С января 1930 года был учеником слесаря ФЗУ Сталинского металлургического завода. А в 1932 году уже получил 5 разряд и был оставлен на заводе слесареминструментальщиком.
В 1935 году в возрасте восемнадцати лет пошел в армию, поступил в Ульяновское бронетанковое училище, где и проучился до 1938 года, окончил училище с отличием. После училища был назначен в инспекцию бронетанковых войск адъютантом генерала-инспектора. В 1939 году в Ленинграде закончил с отличием курсы усовершенствования командного состава бронетанковых войск. После их окончания некоторое время был преподавателем на этих курсах. В начале 1940 года вернулся в Ульяновское бронетанковое училище. В начале 1941 года обучался в Академии бронетанковых войск имени Сталина на вечернем отделении.
Перед самым началом войны в составе инспекции бронетанковых войск был в Киевском, Белорусском и Прибалтийском военных округах. Везде бронетанковые войска были признаны небоеспособными (не хватало людей, горючего, боеприпасов).
В субботу вернулся из Прибалтийского военного округа, в воскресенье по радио узнал о том, что началась война.
Согласно мобилизационному плану стал офицером для поручений при помощнике командующего резервным фронтом по танковым войскам. С самого начала войны на фронте. Наша армия в составе Резервного фронта начала боевые действия под Оршей (Белоруссия). Далее летом года, Вязьменский Котел (район Вязьмы), когда четыре армии (две Резервного и две Западного фронта) попали в окружение.
Освобождение Ельни (высоты) – август 1941 года в составе резервного фронта под командованием генерала армии Жукова. С 30 августа по декабрь 1941 года участвовал в обороне Москвы. За этот период в ходе боевых действий немцы были отброшены на расстояние 150-300 километров от Москвы В июле 1942 года был направлен в Ташкент для прохождения штабных курсов. Проучился на этих курсах до декабря. После прохождения курсов вернулся в Москву, где получил назначение в 3-ю танковую армию, которая формировалась под Москвой в Мценске. Был назначен на должность старшего помощника начальника оперативного отдела штаба 3-й гвардейской танковой армии под командованием П.С. Рыбалко.

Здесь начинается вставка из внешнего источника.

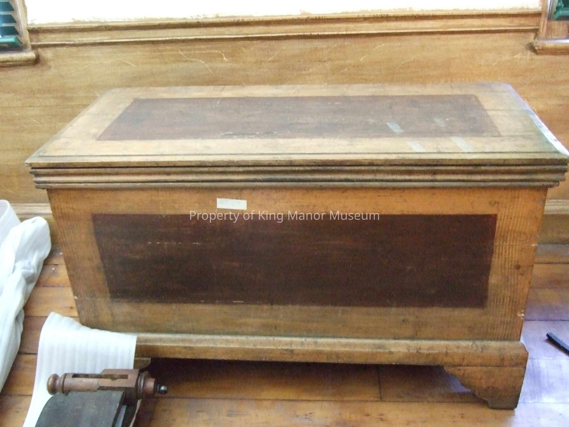 Refrigerator shaped like wood chest, decorated with wide painted borders, with hinged lid, on corner bracket feet Under lid affixed label "Mace's Diamond Refrigerator/patented October 24, 1876" with additional directions for use. Second hinged lid opens to tin-lined storage bin. Loose label in sleeve "Mace's Company"Collection

В составе 3-й гвардейской танковой армии прошел путь от Москвы до Курского выступа. Моей обязанностью было «информирование вверх» т.е. донесение точных данных до вышестоящего начальства о состоянии войск, расположении частей, информация о противнике, о том какие населенные пункты захвачены немцами, а в каких расположены наши части. Каждый факт для внесения его в сводку требовал проверки и подтверждения хотя бы из трех независимых источников. Это была очень напряженная и ответственная работа, требовавшая большой концентрации умственных и физических сил, очень редко, когда удавалось выспаться. По штату было положено 3 помощника начальника оперативного отдела (1 старший помощник и 2 помощника), но людей катастрофически не хватало, мне приходилось работать одному.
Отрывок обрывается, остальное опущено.